Take Frank Parr – a man who ate only fried food and eschewed social niceties. “Even in flannels, walking on to the field, he still managed to look anything but a cricketer,” wrote England fast bowler Brian Statham of Parr, whose promising wicket-keeping career ended abruptly in 1956, who went on to join Mick Mulligan’s Magnolia Jazz Band (of which George Melly was a member), became Acker Bilk’s manager and a film extra, dying in 2012. And Patrick ‘Spike’ Hughes (drawn to cricket after Cambridge and who once dismissed Maurice Tate’s XI for 17, taking 6 wickets) whose musical adventures peaked whilst in New York with a 1933 Decca recording of Spike Hughes and his All-American Orchestra featuring Benny Carter and Coleman Hawkins, an event of such magnitude for him that everything else afterwards was an anticlimax and he stopped playing. And more recently bassist Orlando Le Fleming who showed genuine promise as a medium-fast bowler for Devon CC and Somerset Second XI, but then moved to New York where he has made his mark in jazz as both sideman and band leader.

So what is it about jazz and cricket that enables men to move between these two different ways of life? (And, incidentally, it is in essence only men – no female cricketers are mentioned, and woman musicians such as Bessie Smith and Ella Fitzgerald appear tangentially in anecdotes.)

One answer to that question comes from Jim Godbolt, writer and founding editor of house magazine Jazz at Ronnie Scott’s. He wrote: “Both cricket and jazz, irrespective of style, require a sense of rhythm, timing, concentration, improvisation, solo and team work.” It’s as much an attitude of mind as anything else. As Le Fleming says on his website, [my] “facility as an improviser and capacity as a team player were first honed not on the bandstand, nor in the practice room, but on the cricket pitch”.

Wright draws on an article by Mike Marqusee entitled Why Cricket? in which he observes that an extra-terrestrial observing a cricket match, knowing nothing of the rules but able to work them out by observation, might wonder why humans spend so many hours in such a seemingly pointless activity. But we go to a cricket match to watch the unfolding of something unpredictable, dependent on the internal life of the players as much as their skills with bat or ball. Those watching are not just consumers of cricket, they are engaging imagination, interpretation and memory. And so it is with jazz. We never know how it is going to turn out. We love to watch contrasting skills – the elegance and grace of David Gower and the belligerence of Ian Botham, hear the lyricism of Miles Davis alongside John Coltrane’s urgent harder tone.

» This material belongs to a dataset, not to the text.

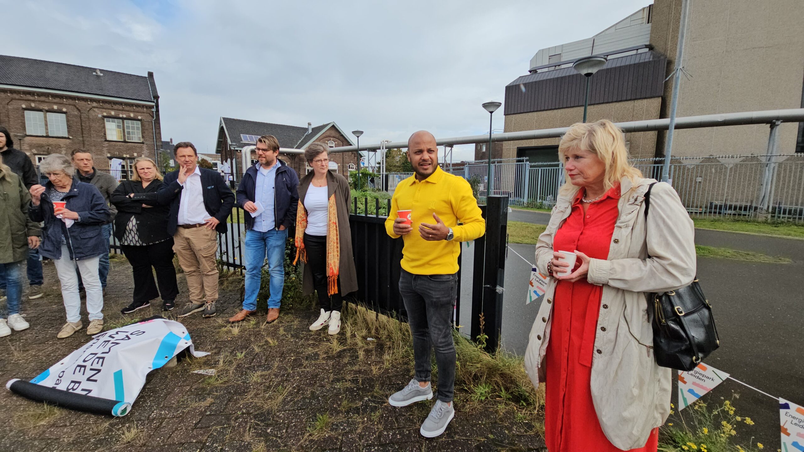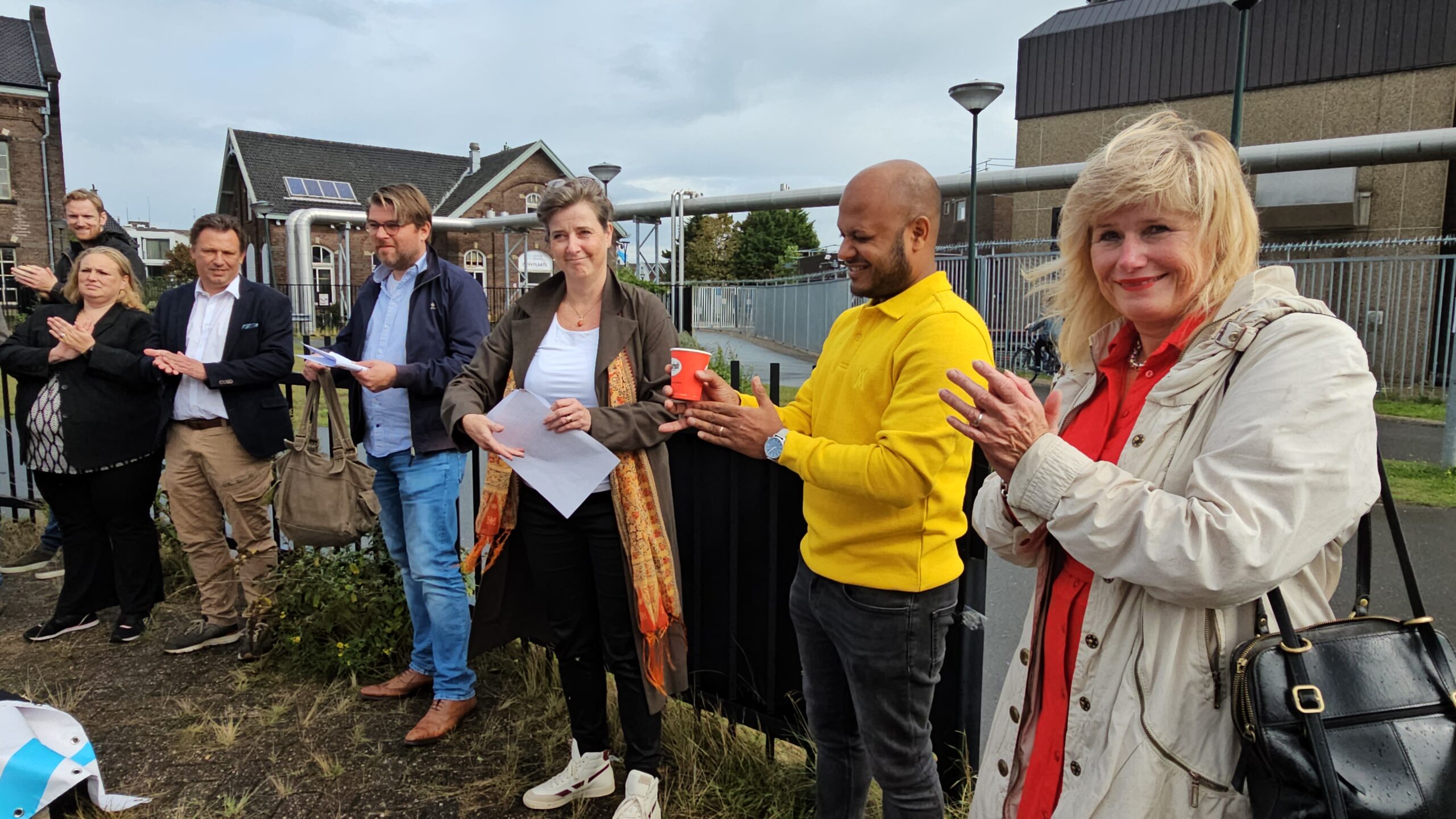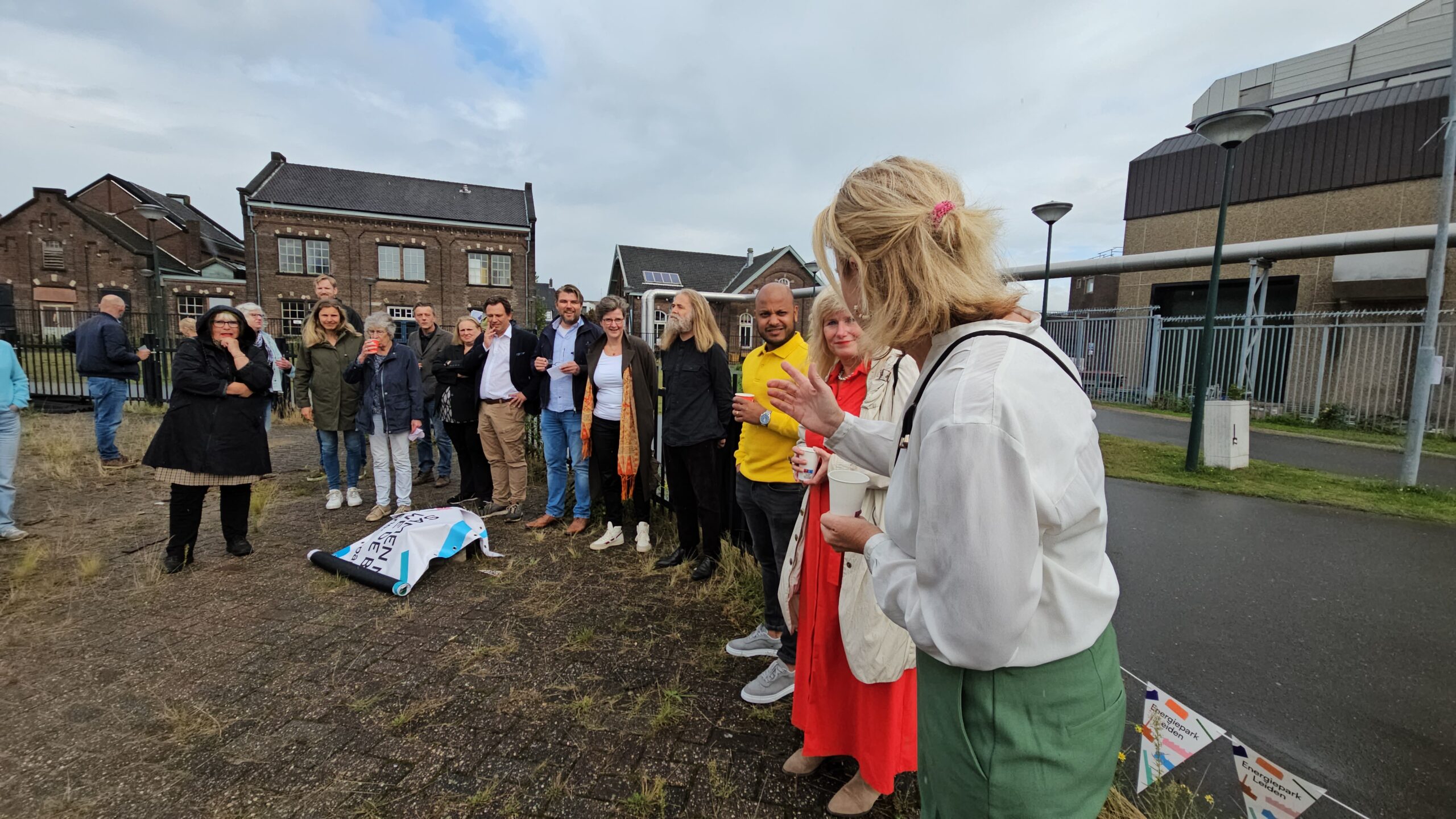 Cultuurwethouder Yvonne van Delft, Eduard Groen van de Bomenbond Rijnland, Barbara Wassenaar van Energiepark Leiden en Femke IJsinga-van Boxsel van Beelden in Leiden over het beeld in het Energiepark Leiden als symbool voor de toekomstige ontwikkelingen.

The book is beautifully illustrated with team photos, album covers and membership cards to long lost London clubs. There are thoughtful and insightful chapters on the development of cricket in the West Indies, South Africa and the USA, and the rich contribution to British life of migrants such as Tunji Sowande who became the first Black judge in the UK, played with Ronnie Scott as well as being a keen cricketer and member of the MCC. There is much of interest in this book, even if you have never cared for cricket, the insights that Wright offers will prompt further reflection on what we enjoy in jazz.

Central to the book is a chapter on the Ravers CC, the jazz cricket team of the 100 Club (then called the Lyttleton Club) comprising personalities in jazz, of whom Frank Parr was the most eminent cricketer. Ray Smith (of Collet’s Record Shop) was a spin bowler of great skill, taking 5 for 9 runs on one occasion. They all took their cricket very seriously. It wouldn’t be a book about cricket that didn’t include some numbers and the book ends with Frank Parr’s First-class career statistics.